Physical characteristics
- • location: Anabar Plateau
- • coordinates: 69°25′29″N 112°15′04″E﻿ / ﻿69.42472°N 112.25111°E
- • elevation: 375 m (1,230 ft)
- Mouth: Anabar
- • coordinates: 70°46′16″N 113°20′13″E﻿ / ﻿70.77111°N 113.33694°E
- • elevation: 16 m (52 ft)
- Length: 457 km (284 mi)
- Basin size: 24,800 km^{2} (9,600 sq mi)

Basin features
- Progression: Anabar→Laptev Sea

= Malaya Kuonamka =

River in Yakutia (Sakha Republic), Russia

The Malaya Kuonamka (Малая Куонамка; Кыра Куонамка, Kıra Kuonamka) is a river in Yakutia (Sakha Republic), Russia. It is a right tributary of the Anabar with a length of 457 km. Its drainage basin area is 24800 km2.

The river flows north of the Arctic Circle, in the northern limits of the Central Siberian Plateau and the North Siberian Lowland. The area is very cold and desolate, devoid of settlements.

The Kuonamka Formation is a Cambrian large igneous province in the northeastern Siberian platform.

==Course==
The Malaya Kuonamka "Little Kuonamka" is the second largest tributary of the Anabar. The river has its source in an elevated swamp at an altitude of 375 m in the eastern side of the Anabar Plateau. Together with the 559 km long Bolshaya Kuonamka "Big Kuonamka" to the west, it is one of the two rivers that form the Anabar at their confluence. In their last stretch both rivers flow roughly northwards.
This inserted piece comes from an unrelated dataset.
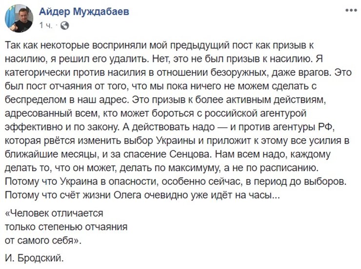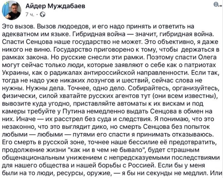 "Как крымский татарин, гражданин и патриот Украины хочу поблагодарить гестапо русского рейха за высокую оценку моего участия в борьбе с ним. Борьба эта будет продолжаться, пока я жив, пока сапог русского оккупанта не пойдет прочь из украинского Крыма и Донбасса. Слава Украине, слава крымским татарам, смерть врагам!", – написал он.
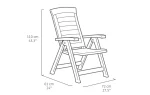 Az Aruba a stabil szerkezet és a kényelmes használat tökéletes ötvözete. A megfelelően profilozott háttámla rendkívüli kényelmet biztosít az ülés során. Összecsukható, dönthető háttámlájú szék. Tartósság és az időjárás viszontagságainak, valamint az UV sugárzásnak való ellenállás jellemzi. Eredeti színekben kapható. Tisztítása egyszerű, elég hozzá egy mosószeres vízbe áztatott puha törlőkendő.

Finally they meet where the Anabar river proper begins, 380 km from its mouth in the Laptev Sea.

The river is fed by rain and snow. It is frozen between late September and late May. The longest tributaries are the 223 km long Usumuun (Усумуун), the 217 km long Delinde (Дьэлиндэ), as well as the 198 km long Maspaaki (Маспаакы) from the right.
| Basin of the Anabar. | A reconstruction of the Siberian “Orsten” Tardigrade, from the Cambrian Kuonamka Formation. |

==Fauna==
The main fish species in the river are grayling, taimen and whitefish.